# getting a hammie :D



## lozza84 (Jul 19, 2008)

i am taking on a hammie 2mw lady said her daughter hasnt time for him any more  its near my parents house so they are going to pick him up for me! yay am so excited, my first hammie for years !!!!!  will post pics asap


----------



## thedogsmother (Aug 28, 2008)

Oooh I need piccies as soon as you get him, what type of hammie is he?


----------



## ....zoe.... (Jul 8, 2009)

awwww yayyyy, piccies piccies asap plzzzzzzz


----------



## lozza84 (Jul 19, 2008)

thedogsmother said:


> Oooh I need piccies as soon as you get him, what type of hammie is he?


syrian  i cant wait to get him, i had 2 syrian's when i was younger 1 long haired and 1 short haired and there were both amazing !! miss them lots  RIP amber & oscar


----------



## Guest (Aug 30, 2009)

lozza84 said:


> syrian  i cant wait to get him, i had 2 syrian's when i was younger 1 long haired and 1 short haired and there were both amazing !! miss them lots  RIP amber & oscar


Aww I had a syrian hamster called Peanut but he died recently.
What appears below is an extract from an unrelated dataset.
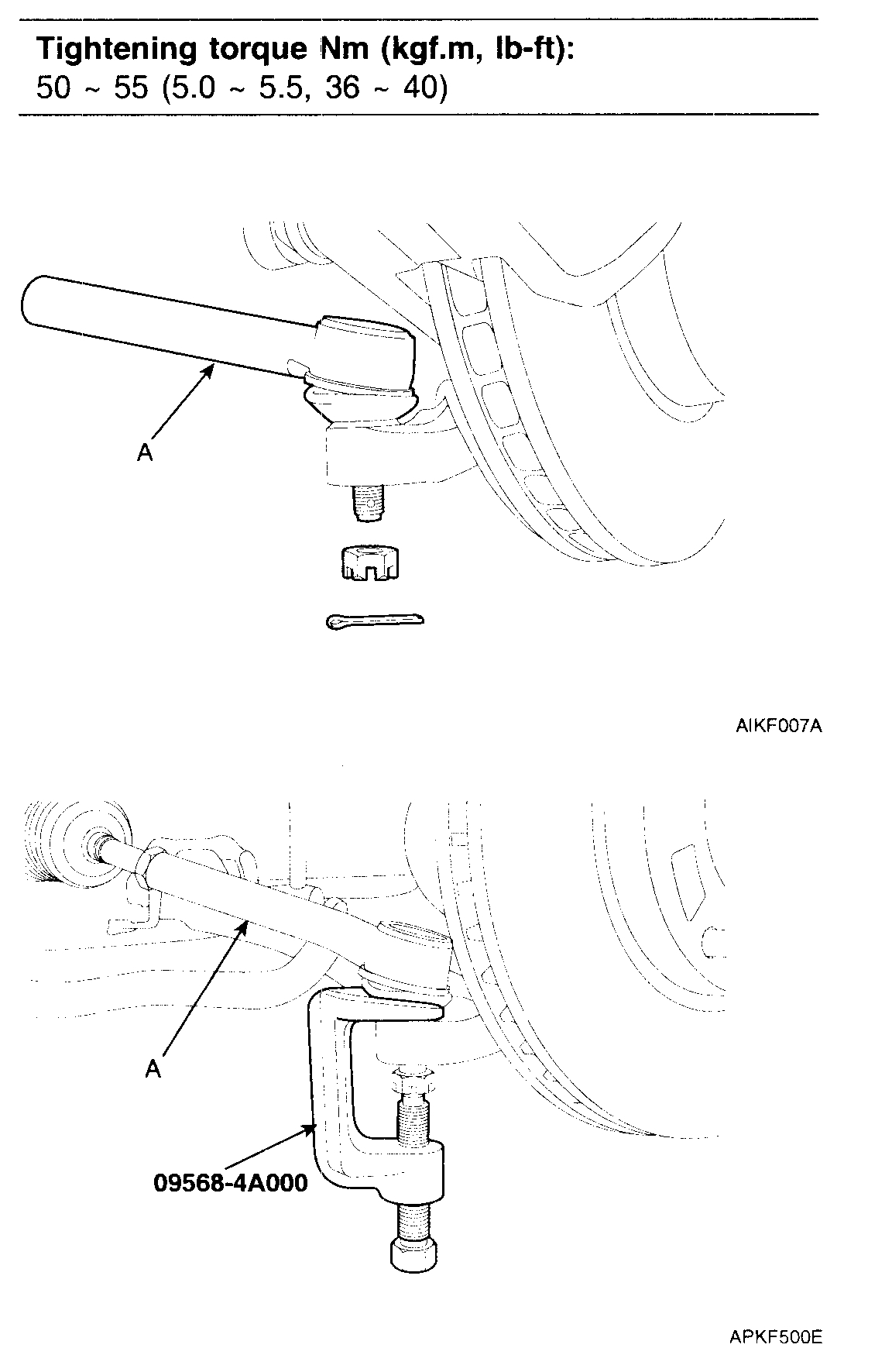 6. Loosen the split pin and castle nut, and then remove the tie rod end (A) from the knuckle by using a SST (09568-4A000).

Feel free to read his tribute, It's called tribute to my little Peanut. I love hamsters.
Danielle.


----------



## Flissy (Jul 27, 2009)

Ooh exciting!! Just to warn you though, if you spend much longer on these rodent pages you will probably have about 10 hamsters by the end of the year


----------



## thedogsmother (Aug 28, 2008)

Flissy said:


> Ooh exciting!! Just to warn you though, if you spend much longer on these rodent pages you will probably have about 10 hamsters by the end of the year


To whom are you refering:blink:?lol


----------



## Flissy (Jul 27, 2009)

thedogsmother said:


> To whom are you refering:blink:?lol


It would be all your fault


----------



## lozza84 (Jul 19, 2008)

danielled said:


> Aww I had a syrian hamster called Peanut but he died recently. Feel free to read his tribute, It's called tribute to my little Peanut. I love hamsters.
> Danielle.


_aww im sorry  rip peanut :crying: i will check out the tribute hun xx_


----------



## CarolineH (Aug 4, 2009)

How can anyone not have time for hammies? 

I have only been on this forum a few weeks and am already onto my second hamster! Beware!


----------



## lozza84 (Jul 19, 2008)

_haha yes i know this, iv gone on an animal freenzy lately, getting a puppy next week and now a hammy!! also want a bunny, and i already have 2 guinea pigs and a cat  my hubbys gona kill me hahaha:001_tt2:_


Flissy said:


> Ooh exciting!! Just to warn you though, if you spend much longer on these rodent pages you will probably have about 10 hamsters by the end of the year


----------



## ....zoe.... (Jul 8, 2009)

lol think how my parents feel with my list 

read below:


----------



## lozza84 (Jul 19, 2008)

_i know u have ALOT of pets hun  i want a budgie too haha i had one of those when i was wee, a blue one called rocky :blushing: _


....zoe.... said:


> lol think how my parents feel with my list
> 
> read below:


----------



## srhdufe (Feb 11, 2009)

lozza84 said:


> syrian  i cant wait to get him, i had 2 syrian's when i was younger 1 long haired and 1 short haired and there were both amazing !! miss them lots  RIP amber & oscar


my dog is called Oscar


----------



## srhdufe (Feb 11, 2009)

thedogsmother said:


> To whom are you refering:blink:?lol


She obviously means you and red :001_tt2:


----------



## Flissy (Jul 27, 2009)

srhdufe said:


> She obviously means you and red :001_tt2:


And maybe someone else who's name begins with an S...


----------



## srhdufe (Feb 11, 2009)

Flissy said:


> And maybe someone else who's name begins with an S...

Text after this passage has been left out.